When exposed to sunlight, it can convert nitrogen oxide from exhaust fumes into small amounts of nitrates. It is then hoped that rainfall will wash the streets clean.

The technology is based on a Japanese invention, but the university developed a way to use smaller quantities of titanium dioxide to achieve the desired effect, significantly cutting the cost of the paving stones.

Professor Jos Brouwers, the scientist heading the project, told edie the team had calculated the level of nitrates likely to be produced, and said it is not expected to reach harmful levels.

“We can make overall computations from how much nitrates is formed on an average rainfall level and it will be well below the health standard requirements, which are in Holland 25 parts per million in water,” he said.

The performance of the stones is expected to vary depending on the amount of sunlight, but it is hoped that the trial, which will start at the end of the year, will prove they can work even on cloudy days.

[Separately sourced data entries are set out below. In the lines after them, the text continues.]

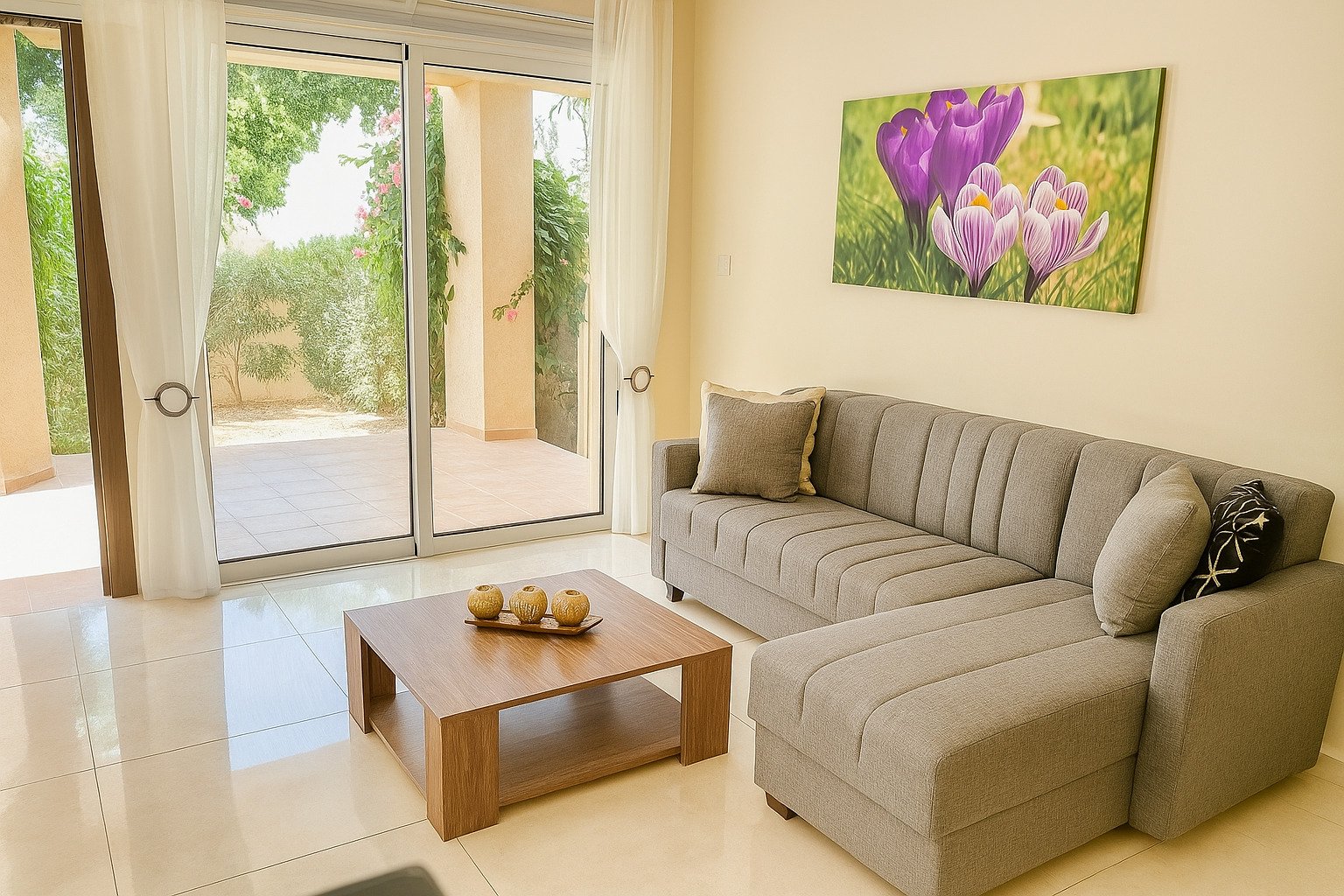 Благодаря своему расположению, недвижимость предлагает не только близость к морю, но и удобную транспортную доступность к ключевым точкам — центр Пафоса находится примерно в 1 км, а международный аэропорт — примерно в 10 км. Таким образом, местоположение сочетает в себе прибрежный образ жизни с удобной доступностью инфраструктуры.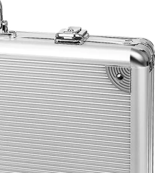 - Resistente maletín de aluminio con cerradura y asa ergonómica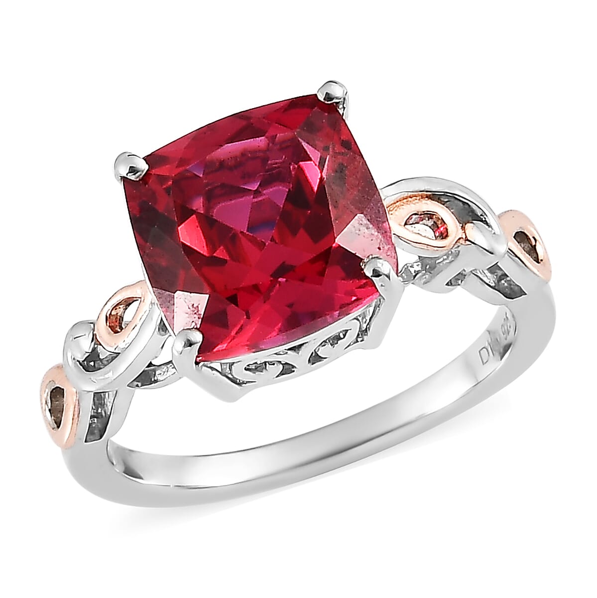 Experience the enchantment of the lab created Padparadscha sapphire solitaire ring in rose gold vermeil and platinum over sterling silver. This exquisite solitaire jewelry showcases a stunning lab-created Padparadscha sapphire, renowned for its mesmerizing pinkish-orange hue and exceptional brilliance. The designer shank, adorned with smooth scrolls, adds a touch of sophistication. With its dual metal finish and unparalleled beauty, this sterling silver ring for women is a true masterpiece.

Professor Brouwers said: “You need daylight, and more particularly the UV component of the daylight.

“On sunny days the activity will be higher than on the cloudy days but even on cloudy days the activity per square metre is high enough.”

The team will monitor air pollution levels before the stones are in place, and begin taking measurements early next year after the stones are laid, with the first test results expected around summer.

If they prove successful and gain government approval, Professor Brouwers said he hoped they would one day be used in more polluted cities such as Amsterdam, Utrecht and La Hague.